Postcard enforces rate limits at two levels: the HTTP API layer and the underlying Gemini AI API. Understanding both helps you avoid failed analyses and quota exhaustion.
API rate limits
| Tier | Limit | Scope |
|---|
| Development (default) | 60 requests per minute | Per IP address |
| Production | Configured via Vercel Edge/Serverless | Per deployment |
Production limits are controlled by your Vercel function configuration. If you are self-hosting, consult the deployment guide for tuning options.
When the API rate limit is exceeded, the server returns:
HTTP 429 Too Many Requests
The Gemini free tier enforces its own quotas independent of Postcard’s API limits. The binding constraint for most users is GenerateRequestsPerMinutePerProjectPerModel. If this limit is hit during an analysis, the pipeline transitions to a failed state with an error message — the HTTP request itself will not return a 429, but the resulting postcard will have status: "failed".
Gemini API quota tiers
| Tier | Approximate limit | Notes |
|---|
| Free (no billing) | 15 RPM, 1,500 RPD | Sufficient for light/demo use |
| Pay-as-you-go | 1,000+ RPM | Quota scales with billing tier |
These limits are set by Google and may change. Check the Gemini API documentation for current values.
Each forensic analysis is also bounded by the POSTCARD_MAX_TOOL_CALLS configuration (default: 5). This limits how many search/grounding calls the AI agent makes during a single corroboration pass. Lowering this value reduces Gemini quota consumption per analysis; raising it allows more thorough source discovery at the cost of higher quota usage.
Strategies to avoid rate limits
The GET /api/postcards?url= endpoint reads from the database cache and does not consume any Gemini quota. If a result already exists, you can retrieve it as many times as needed without touching your API limits.
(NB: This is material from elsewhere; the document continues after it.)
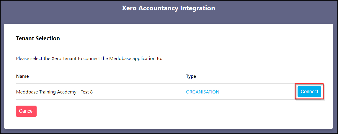 7. Next, you will be prompted to select the Xero tenant to connect the Meddbase application to and click Connect.

- Use cached results. Call
GET /api/postcards?url= before POST /api/postcards. If the analysis already exists, you get the full report for free.
- Use fake pipeline mode for demos. Set
NEXT_PUBLIC_FAKE_PIPELINE=true in your environment to simulate the analysis pipeline without making any real AI calls. Useful for UI development and demos.
- Upgrade your Gemini tier. If you need to run many analyses, add billing to your Google AI Studio project to access higher quotas.
- Stagger submissions. Avoid submitting many URLs simultaneously. Poll existing jobs to completion before submitting new ones.